Its implementation will fill three structures that will eventually be passed to the AS builder (`vkCmdBuildAccelerationStructuresKHR`).

* `VkAccelerationStructureGeometryTrianglesDataKHR`: device pointer to the buffers holding triangle vertex/index data,
  along with information for interpreting it as an array (stride, data type, etc.)

* `VkAccelerationStructureGeometryKHR`: wrapper around the above with the geometry type enum (triangles in this case) plus flags
  for the AS builder. This is needed because `VkAccelerationStructureGeometryTrianglesDataKHR` is passed as part of the union
  `VkAccelerationStructureGeometryDataKHR` (the geometry could also be instances, for the TLAS builder, or AABBs, not covered here).

* `VkAccelerationStructureBuildRangeInfoKHR`: the indices within the vertex arrays to source input geometry for the BLAS.

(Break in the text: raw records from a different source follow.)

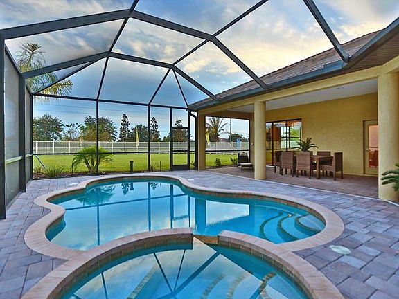 LEASEBACK OPPORTUNITY!! Medallion Home's Barbados 2800 model home boasts French Country detail with 4 bedrooms,Den, Bonus Room, Gourmet Kitchen, Pool with Heated Spa, 3 car Garage, Tile Roof, Paver Driveway, Electric Fireplace, and much more. Conveniently located with quick access to the Sarasota/Bradenton, St. Pete and Tampa Airports. Close to shopping and I-75. This is a great house for entertaining with large L-shaped Lanai and Bonus room opening out to the pool area. Florida Living at it's Best!! Comes with a 1,2, 10 year warranty.
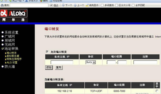 首先進入路由器的設置界面,由于每個路由器的設置界面都不相同,本文以阿爾法路由器為例說明。 找到端口轉發設置選項,一般的路由器都是支持的。
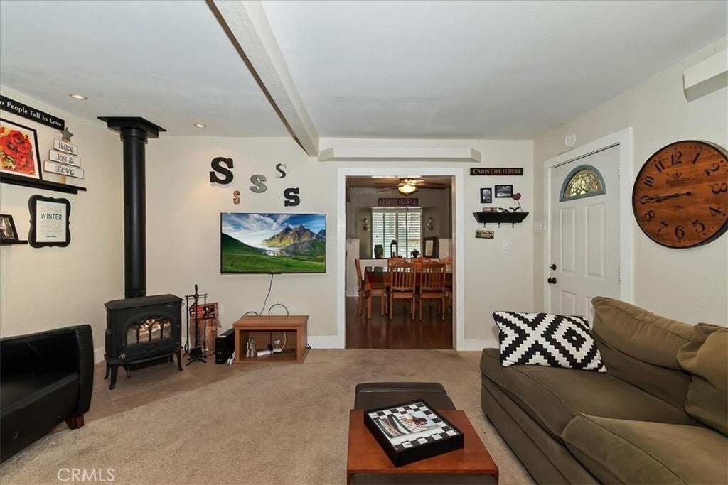 Welcome to Crestline! Situated on a large, fenced lot is this lovely 3-bedroom, 3 bath home. The first level has the living room, a good-sized kitchen and dining room, the laundry room, 2 bedrooms, a bonus room and 2 bathrooms. You could easily live on this main floor. The upper level has a spacious primary bedroom with ensuite bathroom. You will also find a walk-in closet and walk in storage area on this level. The lower level has a workshop, a small office area, utilities and lots of storage space. Easy near level parking and only about 10 steps to the front floor. Close to town but still feels private. The home and grounds have been well maintained. Some highlights include newer stainless-steel appliances, potential parking behind the fence, a shed, electricity on the deck and a wood burning stove in the living room. Crestline is a small-town community popular for Jamboree days on the Fourth of July, Corks and Hops during the summer and a lot of other local events. Also, a great commuter location. Enjoy mountain living while having everything you need close by. Lots of hiking, water sports on Lake Gregory, fishing and just relaxing and enjoying the fresh air. Make your appointment today!
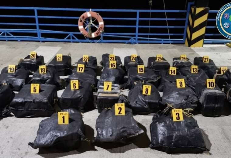 Los guardacostas ubicaron 27 bultos con droga y 14 estañones para combustible, por lo que trasladaron la embarcación a tierra en donde se determinó, por parte de la Policía de Control de Drogas, que el producto era cocaína.
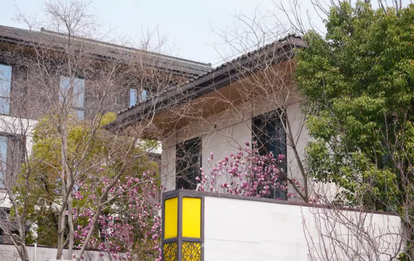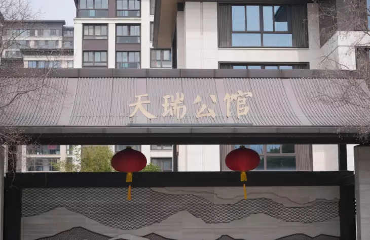 天瑞公館正門掛有燈籠,入口以傳統建築風格呈現,與周邊住宅小區融為一體。巴士的報記者攝
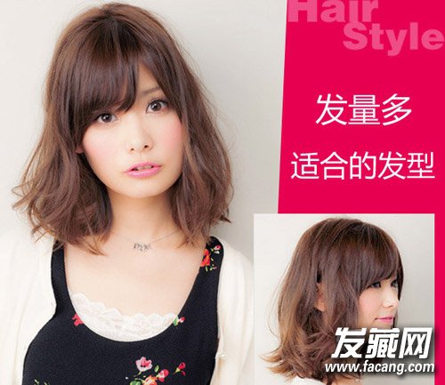 发型点评:这款中短发最别致的处理在于发尾的设计,别致的半圈卷发营造出蓬松的质地,斜刘海更显优雅感。
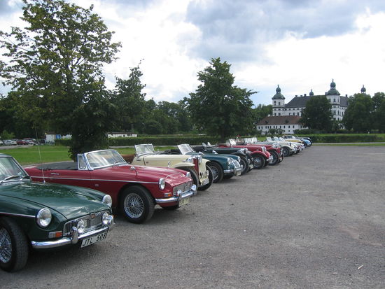 Am nahebeiliegenden Hotel findet ein Oldtimertreffen von ca. 25 MG statt. Wir parken direkt bei ihnen und machen Bully-Picnic. Dabei stellen wir fest, dass die MG-Fahrer auf der Schloßwiese ihr Picnic veranstaltet haben und nun allmählich aufbrechen.
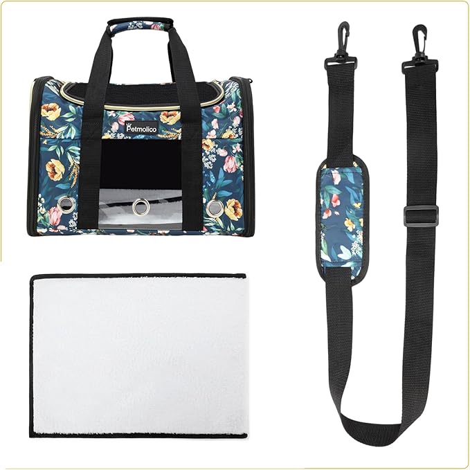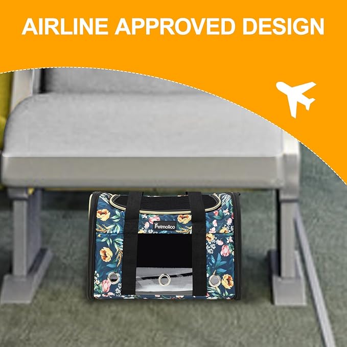 Petmolico Cat Carrier Soft-Sided Pet Bag for Small Medium Cats Puppies 16LBs - Airline Approved Pet Travel Carrier 3 Open Doors (Medium,Green Peony)

!!! Tip VkAccelerationStructureGeometryKHR / VkAccelerationStructureBuildRangeInfoKHR split
    A potential point of confusion is how `VkAccelerationStructureGeometryKHR` and `VkAccelerationStructureBuildRangeInfoKHR`
    are ultimately passed as separate arguments to the AS builder but work in concert to determine the actual memory to source
    vertices from. As a crude analogy, this is similar to how `glVertexAttribPointer` defines how to interpret a buffer as a vertex
    array while the actual numeric arguments to `glDrawArrays` determine what section of that array is actually drawn.


Multiple of the above structure can be combined in arrays and built into a single BLAS. In this example,
this array will always be a length of one. There would be reason for having multiple geometry per BLAS. The
main reason is the acceleration structure will be more efficient, as it will properly divide the volume with intersecting
objects. This should be concider only for large or complex static group of objects.

Note that we consider all objects opaque for now, and indicate this to the builder for
potential optimization. (More specifically, this disables calls to the anyhit shader, described later).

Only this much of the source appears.